И так же, как тогда, горели тоскующие глаза, и тоскливо сжималось дикое, не забывшее в городах о степных просторах сердце, и мучительным желанием дикого вопля сжималось горло.
Начала было раздеваться, да что! все равно не уснуть.
Пошла из дверей. В сенях теплые под босыми ногами шатались и скрипели доски сорного пола, и какие-то щепочки да песчинки весело и забавно щекотали кожу ног.
Вышла на крыльцо. Бабушка Степанида сидела, черная в черном платке, сухая и сморщенная. Нагнулась, старая, и казалось, что греется в лунных, холодных лучах.
Александра Ивановна села рядом с нею, на ступеньки крыльца. Смотрела на старуху сбоку. Большой, загнутый старухин нос казался ей клювом старой птицы.
«Ворона?» — подумала Александра Ивановна.
Улыбнулась, забывая тоску и страх. Умные, как у собаки, глаза ее засветились радостью угадки. В бледно-зеленом свете луны разгладившиеся морщинки ее увядшего лица стали вдруг невидны, и она опять сделалась молодою, веселою и легкою, как десять лет тому назад, когда луна еще не звала ее лаять и выть по ночам у окон темной бани.
Она подвинулась ближе к старухе и ласково сказала:
— Бабушка Степанида, а что я у вас все хочу спросить?
Старуха повернула к ней темное лицо с глубокими морщинами, и резким старческим голосом спросила, точно каркнула:
— Ну что, красавица? Спрашивай.
Александра Ивановна тихонько засмеялась, дрогнула тонкими плечами от вдруг пробежавшего по спине холодка и говорила очень тихо:
— Бабушка Степанида, сдается мне, — правда ли это, нет ли? — ух не знаю, как и сказать, — да вы, бабушка, не обидьтесь, — я ведь не со зла…

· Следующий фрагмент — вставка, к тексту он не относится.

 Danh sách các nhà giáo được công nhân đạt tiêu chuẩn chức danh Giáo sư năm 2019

— Ну, ну, говори, не бойся, милая, — сказала старуха. Глядела на Александру Ивановну яркими, зоркими глазами. Ждала. И опять заговорила Александра Ивановна:
— Сдается, мне, бабушка, — уж вы, право, не обидьтесь, — что будто бы вы, бабушка, ворона.

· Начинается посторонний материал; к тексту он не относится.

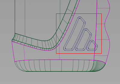 - Click Go. You are prompted to select the curves to project. As there are many curves in the logo detail, drag a selection box over all the curves.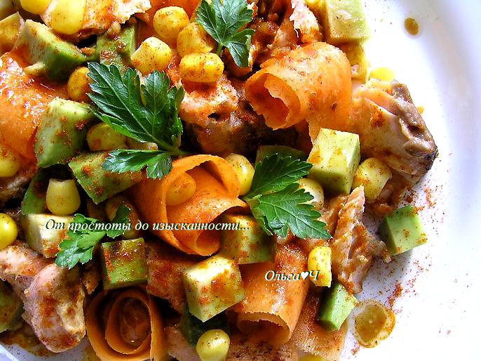 2 ст. л. оливкового масла Приготовление: Смешайте все ингредиенты для заправки-маринада кроме горчицы. В половине приготовленной смеси замаринуйте лосося на 20 минут. В оставшуюся часть заправки-маринада добавить горчицу и перемешайте. Стейк лосося обжарьте на сухой сковороде-гриль по 4-5 минут с каждой стороны (смотрите по толщине) до готовности. На тарелки выложите кусочки приготовленного лосося, разобранного на кусочки, и морковь, нарезанную тонкими пластинами с помощью овощечистки, и завернутую в колечки . Добавьте авокадо, нарезанное кубиками, и кукурузу. Полейте салат заправкой, посыпьте паприкой, украсьте петрушк

Старуха отвернулась, и молчала, качая головою. Казалось, что она припоминала что-то. Голова ее с резко очерченным носом клонилась и качалась, и казалось порою Александре Ивановне, что старуха дремлет. И дремлет, и шепчет что-то себе под нос. Качает головою и шепчет древние, ветхие слова. Чародейные слова…
Было тихо на дворе, ни светло, ни темно, и все вокруг казалось завороженным беззвучным шептанием древних, вещих слов. Все томилось и млело, и луна сияла, и тоска опять сжимала сердце, и было все ни сон, ни явь. Тысячи запахов, незаметных днем, различались чутко, и напоминали что-то древнее, первобытное, забытое в долгих веках.
Еле слышно бормотала старая:
— Ворона и есть. Только крыльев у меня нету. И я каркаю, и я каркаю, а им и горя мало. А мне дадено предвиденье, и не могу я, красавица, — не каркать, да людишки-то и слушать меня не хотят. А я как увижу обреченного, так и хочется мне каркать, и хочется.
Старуха вдруг широко взмахнула руками и резким голосом крикнула дважды:
— Кар, кар!
Александра Ивановна дрогнула. Спросила:
— Бабушка, кому каркаешь?
Ответила старая:
— Тебе, красавица, тебе.
Жутко стало сидеть со старухою. Александра Ивановна ушла к себе. Села под открытым окном. Слушала, — за воротами сидели двое и говорили.
— Воет и воет, — слышался низкий и злой голос.
— А ты, дядя, видел? — спросил сладенький тенорок. Александра Ивановна сразу по этому тенорку представила кудреватого, рыжеватого, весноватого парня, — здешний, с этого же двора.
Прошла минута тусклого молчания. И вдруг послышался сиплый и злой голос:
— Видел. Большая. Белая. У бани лежит, и на луну воет. Опять представила по голосу черную бороду лопатою, низкий плотный лоб, свиные глазки, расставленные толстые ноги.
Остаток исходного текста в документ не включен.